MSG Networks and its Wall Street lenders have agreed to extend through January their negotiations on $829 million debt initially due to have been paid off in October.
MSG Networks, a division of Sphere Entertainment, and its bond holders extended the forbearance period until midnight of Jan. 31. Originally the term loan of $829.1 million came due in mid-October, but Sphere and its lenders agreed to extend the negotiation window into December and then again through Jan. 10. The new agreement, disclosed in a regulatory filing Friday evening, gives the parties more time to work out a resolution.
A regional sports network whose content includes all four New York and New Jersey NHL teams as well as the NBA’s Knicks, MSG Networks is under financial pressure from the large term loan being due as well as losing carriage at the end of 2024 by Optimum, a large New York metro region cable system owned by Altice USA.
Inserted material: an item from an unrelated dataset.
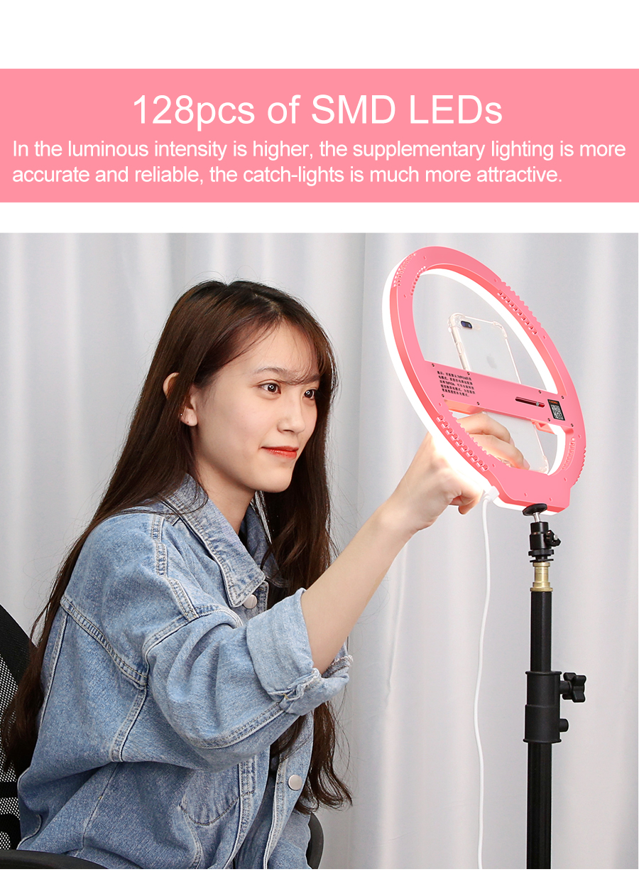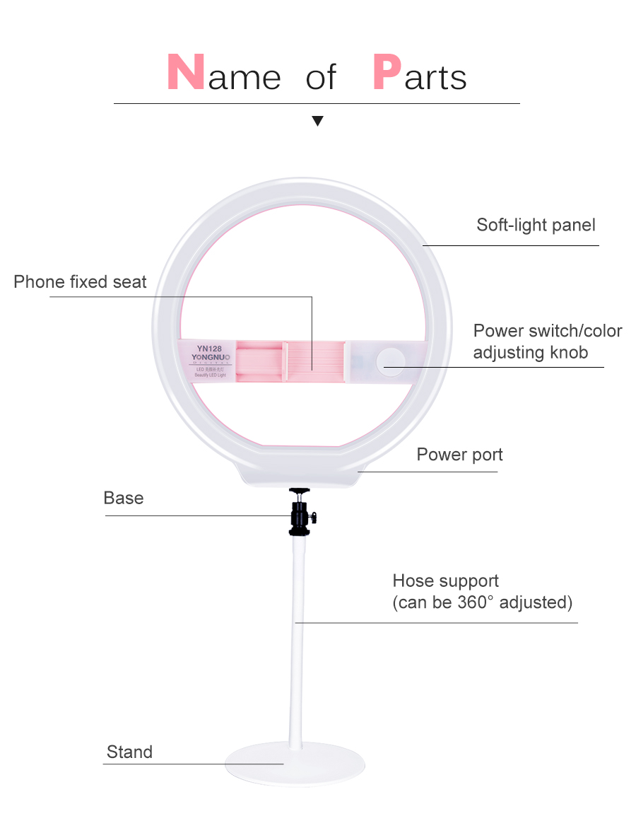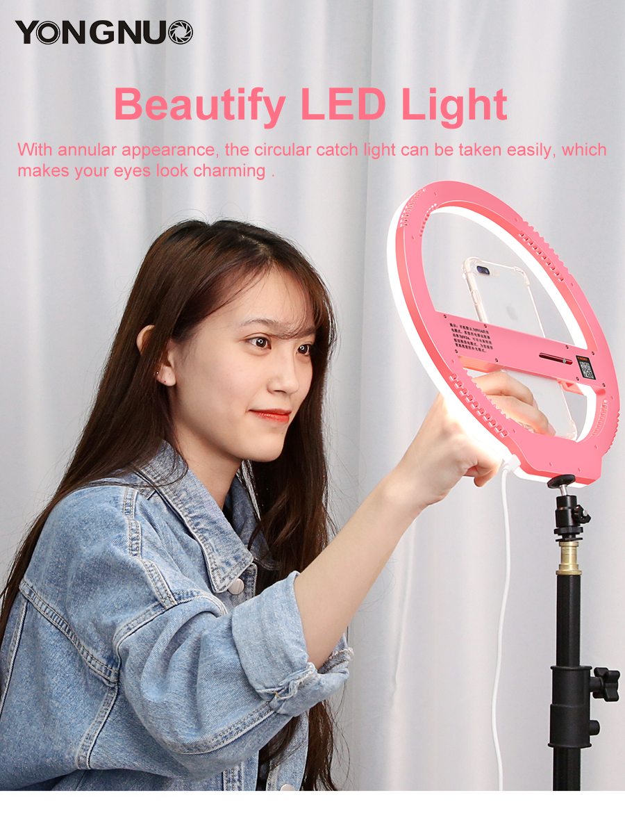 YN128 ist ein neues tragbares LED-Licht zum Verschönern, das speziell für Live-Videos und Selfies entwickelt wurde. YN128 nimmt ein ringförmiges Erscheinungsbild an. Da positives Einfülllicht weicher und viel gleichmäßiger ist, kann eine perfekte Aufnahme von Fanglichtern erzielt werden. Der YN128 verfügt über drei Lademethoden, um unterschiedliche Anforderungen in verschiedenen Szenarien zu erfüllen: Telefonladegerät, tragbare Power Bank und Computer-USB-Anschluss. Mit einer Schlauchhalterung, die in jedem Winkel eingestellt werden kann, können Sie je nach praktischem Bedarf Fotos oder Live-Videos aufnehmen.

Like every other RSN, MSGN is navigating an environment where the steady fees paid by cable systems are declining as consumers stop paying for cable and opt to stream instead.
The fate of the MSG debt is of keen interest to investors in Sphere, best known for operating the iconic Las Vegas theater of the same name. Wall Street analysts feel Sphere would benefit from convincing debt holders to take less money than the $829 million face value, or putting MSG Networks in Chapter 11 bankruptcy reorganization, which effectively gives the company to its creditors. A similar situation played out over the past two years when Sinclair Inc. put its RSN business, Diamond Sports Network, into Chapter 11, removing that business’ $8.6 billion in debt from its books. As with Sinclair, the RSN’s debt is owed solely by the MSG arm—creditors can’t make a claim on Sphere, even though it is the corporate parent.
Friday’s filing on the extended forbearance notes that MSG Networks has $4.1 million in interest payments to make on the outstanding balance. MSG hasn’t missed paying interest on its loan despite the negotiations on the fate of the loan principal.